Scleroderma is a chronic autoimmune disease that causes excessive production of collagen, leading to hardening of the skin and affecting joints, muscles, blood vessels and some internal organs such as the lungs and heart.
This disease mainly affects women over 30 years, but it can also occur in men and children, and is divided into two types, localized and systemic scleroderma, according to their intensity. Scleroderma has no cure and its treatment is done to alleviate symptoms and slow the progression of the disease.
Localized Scleroderma
Localized scleroderma, formerly called CREST syndrome, is characterized by red spots that appear on the skin and may stiffen over time, or disappear.
This type of disease mainly affects the hands and face, and the changes usually only reach the skin and the muscles, being rare to spread through the body and affect the internal organs.
Systemic scleroderma
Systemic scleroderma is characterized by affecting the skin, muscles, blood vessels and internal organs such as heart, lungs, kidneys and intestines.

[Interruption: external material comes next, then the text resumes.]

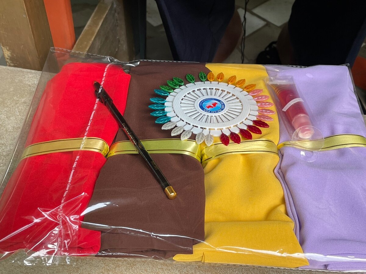 Fourlard +bornet + épingle + gloss et crayon ou senteur . À partir de 2000

The symptoms of scleroderma depend on the affected regions, but usually begin with thickening and swelling of the fingertips.
Symptoms of scleroderma
The main symptoms of scleroderma are:
- Thickening and stiffness of the skin;
- Constant swelling of fingers and toes;
- Darkening of the fingers in cold places or during episodes of excessive stress;
- Constant itching in the affected region;
- Loss of hair;
- Very dark and very light spots on the skin.
The first manifestations of the disease begin in the hands and after months or years pass to the face, leaving the skin hardened, without elasticity and without wrinkles, which also makes it difficult to open the mouth completely.
Complications of scleroderma
The main complications of scleroderma are:
- Difficulty in wiggling fingers;
- Difficulty swallowing;
- Difficulty breathing;
- Anemia;
- Arterial hypertension;
- Liver inflammation;
- Arthritis;
- Heart problems such as inflammation and heart attack;
- Renal insufficiency.
These complications appear after years of development of the disease, and occur mainly in the systemic form of the disease.
Diagnosis of scleroderma
The diagnosis of scleroderma is made based on the symptoms and clinical manifestations of the skin, but in some cases it can be difficult to correctly identify this disease, as it evolves slowly and its first symptoms are similar to other skin problems.
The doctor may also order biopsy from the affected region and perform tests such as CT and MRI scans to assess whether internal organs have also been affected.
Treatment of scleroderma
Scleroderma has no cure and its treatment is done to reduce the patient's symptoms according to the organs and regions of the body affected, which may include:
- Remedies to control high blood pressure, such as Atenolol or Nifedipine;
- Anti-inflammatory medicines such as Ketoprofen or Ibuprofen;
- Remedies to weaken the immune system, such as D-penicillamine or interferon-alpha, to try to prevent the progression of the disease;
- Corticosteroids, such as Cortisone or Betamethasone, to reduce pain and inflammation;
- Remedies to improve the functioning of the heart, such as Digoxin;
- Physiotherapy to improve breathing and increase flexibility of joints.
The treatment for scleroderma must be adapted by the physician according to the individual, since there is no cure for scleroderma.